16. An electric driving apparatus according to claim 9, further
comprising a driving circuit which turns on/off the electric motor
according to a control signal from the control means, wherein the
control means outputs a PWM-signal as the control signal to the
driving circuit to control an energization of the electric motor,
and a sampling frequency at which the control means obtains the
detection values from the current detecting means is greater than a
value which is obtained by dividing the frequency of the PWM-signal
by a duty ratio of the PWM-signal.
Description
CROSS-REFERENCE TO RELATED APPLICATION
[0001] This application is based on Japanese Patent Applications
No. 2010-149284 filed on Jun. 30, 2010, and No. 2010-160184 filed
on Jul. 15, 2010, the disclosures of which are incorporated herein
by reference.
FIELD OF THE INVENTION
[0002] The present invention relates to a valve control apparatus
including a valve and an actuator. The valve opens/closes a
fluid-passage and the actuator drives the valve. Especially, the
valve control apparatus is used for opening/closing an intake
passage communicating with a combustion chamber of an internal
combustion engine. Further, the present invention relates to an
electric driving apparatus which drives a driven member by use of a
driving force of an electric motor.
BACKGROUND OF THE INVENTION
[0003] Conventionally, a valve control apparatus has a valve which
opens/closes an intake passage communicating with a combustion
chamber of an internal combustion engine, a shaft supporting the
valve, and an actuator driving the valve in order to control an
intake air flow rate. The actuator has an end-gear receiving a
driving force from an electric motor (driving source). The end-gear
is connected to the shaft, so that the valve and the actuator are
connected to each other. Refer to JP-2004-124933A (GB-2393218A) and
JP-2009-013934A (US-2009/0007875A1).
[0004] FIG. 6 shows a valve control apparatus 100 shown in
JP-2004-124933A. An actuator 101 is provided with an end-gear 103
which is made of resin material and receives a driving force from
an electric motor (driving source). A shaft 104 made of metallic
material is press-inserted into a hole 106 of the end-gear 103,
whereby the shaft 104 is connected with the end-gear 103. A
rotation of the end-gear 103 is transmitted to the valve 107
through the shaft 104.
[0005] A housing 109 has a stopper (not shown) to which a
stopper-portion (not shown) of the end-gear 103 confronts so that
an operation range of the valve 107 is regulated. That is, the
stopper regulates an angular operation range of the end-gear 103 so
that the operation range of the valve 107 is restricted. Further,
the valve control apparatus 100 is provided with a sensor (not
shown) which detects a rotational angle of the end-gear 103, so
that a position of the valve 107 is detected.

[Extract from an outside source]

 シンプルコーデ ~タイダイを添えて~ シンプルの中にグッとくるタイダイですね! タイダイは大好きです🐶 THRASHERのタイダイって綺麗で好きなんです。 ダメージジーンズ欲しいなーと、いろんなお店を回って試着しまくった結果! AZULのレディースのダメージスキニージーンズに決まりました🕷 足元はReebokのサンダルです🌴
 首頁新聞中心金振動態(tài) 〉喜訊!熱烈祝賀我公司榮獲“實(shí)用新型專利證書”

[0006] In this valve control apparatus 100, since the valve 107 is
connected to the actuator 101 by press-inserting the shaft 104 into
the end-gear 103, its manufacturing cost is relatively low.

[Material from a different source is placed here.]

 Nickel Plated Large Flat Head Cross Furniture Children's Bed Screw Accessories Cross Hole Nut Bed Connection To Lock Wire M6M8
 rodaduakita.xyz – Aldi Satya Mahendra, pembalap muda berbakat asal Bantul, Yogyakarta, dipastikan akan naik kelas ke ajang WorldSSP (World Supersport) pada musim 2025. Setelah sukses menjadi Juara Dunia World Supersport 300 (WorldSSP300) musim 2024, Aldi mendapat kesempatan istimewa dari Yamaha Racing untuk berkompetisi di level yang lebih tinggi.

[0007] However, in this valve control apparatus 100, if a
press-inserting portion between the shaft 104 and the end-gear 103
is damaged, the sensor detecting the rotational angle of the
end-gear 103 can not detect this malfunction. That is, a
malfunction in a driving-force-transmitting path can not be
detected.
[0008] If the press-inserting portion is broken, it is likely that
the rotation of the end-gear 103 is restricted by the stopper and
only the shaft 104 may spin free. In such a case, even though the
end-gear 103 is restricted by the stopper, the valve 107 rotates
over a restricted range. Since the sensor detects only the
rotational angle of the end-gear 103, it can not be detected that
the valve 107 rotates over the normal range.

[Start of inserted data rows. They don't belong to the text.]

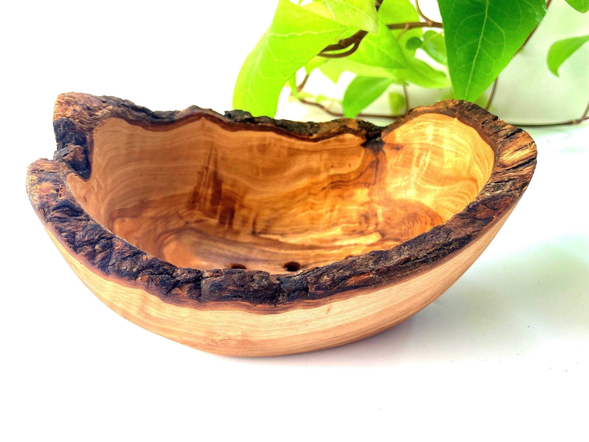 Beautifully handcrafted rustic olive wood wood soap dishes/bowls with a bark edge, sustainably sourced made from the fallen branches of olive trees. Perfect for holding soaps, these bowls are self-draining with 3 convenient holes drilled through the bottom. They give a fantastic natural feel to the bathroom.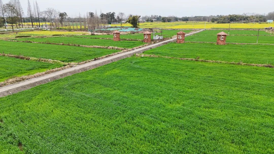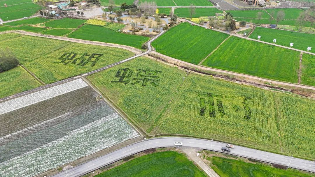 一半是翠绿的蒜苗,一半是金黄的花海,绿黄交融的乡野画卷与地景艺术装置相互辉映,像是漫画中走出的“麦田守望者”。
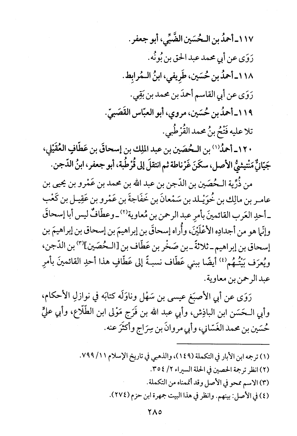 120 - أحمدُ (¬1) بن الحُصَين بن عبد الملِك بن إسحاقَ بن عَطّافٍ العُقَيْلي، جَيّانيٌّ مَنْتيشيُّ الأصل، سكَنَ غَرْناطة ثم انتقلَ إلى قُرطُبة، أبو جعفر، ابنُ الدّجن.

[0009] In order to detect the above malfunction, it is conceivable
that another sensor directly detecting a rotational angle of the
shaft 104 is necessary. However, another sensor increases the
manufacturing cost.
[0010] FIG. 7 shows a valve control apparatus 200 shown in
JP-2009-013934A. A sensor 201 directly detects a rotational angle
of a shaft 202 so that an opening degree of the valve 203 is
detected. the shaft 202 rotates over a normal rotational range of
the valve 203 due to a breakage in a connection portion between a
shaft 202 and an end-gear 204, the sensor 201 outputs a detection
value which indicates that the rotational angle of the shaft 202 is
abnormal. Thus, it can be detected that the valve 203 has a
malfunction.
[0011] However, in this valve control apparatus 200, a
configuration of connecting portion between the valve 203 and the
actuator 205 becomes complicated. Further, a gear-holding member
206 for connecting the end-gear 204 to the shaft 202 and a
sensor-holding member 208 for holding a magnet 207 on the shaft 202
are necessary, which increase the number of parts and increase the
manufacturing cost. Thus, even in the valve control apparatus 200,
a malfunction in a connecting portion between the shaft 202 and the
end-gear 204 is not detected with low cost.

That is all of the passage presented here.